The Molecular and Pharmacological Mechanisms of HIV-Related Neuropathic Pain (2013)
...The most common complaint of HIV-DSP is pain on the soles; the pain is typically bilateral, of gradual onset, and described as ‘aching’, ‘painful numbness’, or ‘burning’[34]. Patients often have hyperalgesia and allodynia in a stocking and/or glove distribution.
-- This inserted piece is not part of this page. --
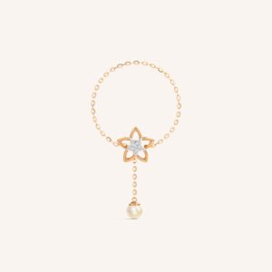 Double Crystal Pearl Ring Gold Plated Open Earring
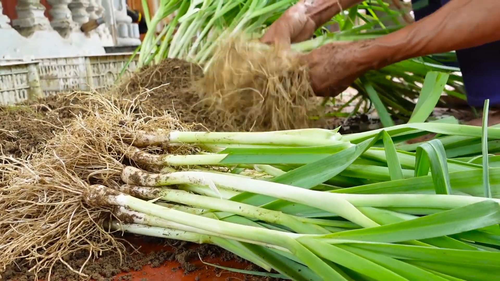 1. Erntezeitpunkt: Der Lauch ist erntereif, wenn die Schäfte eine ausreichende Größe erreicht haben (ca. 2-3 cm Durchmesser).

The feet are tender to touch, wearing shoes is painful, and the gait becomes ‘antalgic’. In a typical length-dependent fashion, the dysesthesias ascend proximally up the lower extremities over months, and may begin to involve the fingertips at around the same time as they reach the mid-leg level [33, 35]. It is usually most severe on the soles of the feet, and is typically worse at night.
Pathologically, the most common histological feature of both DSP and ATN is characterized by loss of DRG sensory neurons, Wallerian degeneration of the long axons in distal regions, DRG infiltration by HIV-infected macrophages, and a 'dying back' sensory neuropathy [36-40]. Early on, small, unmyelinated sensory fibers are lost, with eventual destruction of the large myelinated fibers as the disease progresses in the patients with HIV. In the periphery and the DRG, there is infiltration of macrophages and other inflammatory cytokines [41]. Clinically, these two forms (HIV-DSP and ATN) of HIV sensory neuropathies are difficult to distinguish.
https://www.ncbi.nlm.nih.gov/pmc/articles/PMC3763758/
Perchance, did any of these studies offer treatment ideas?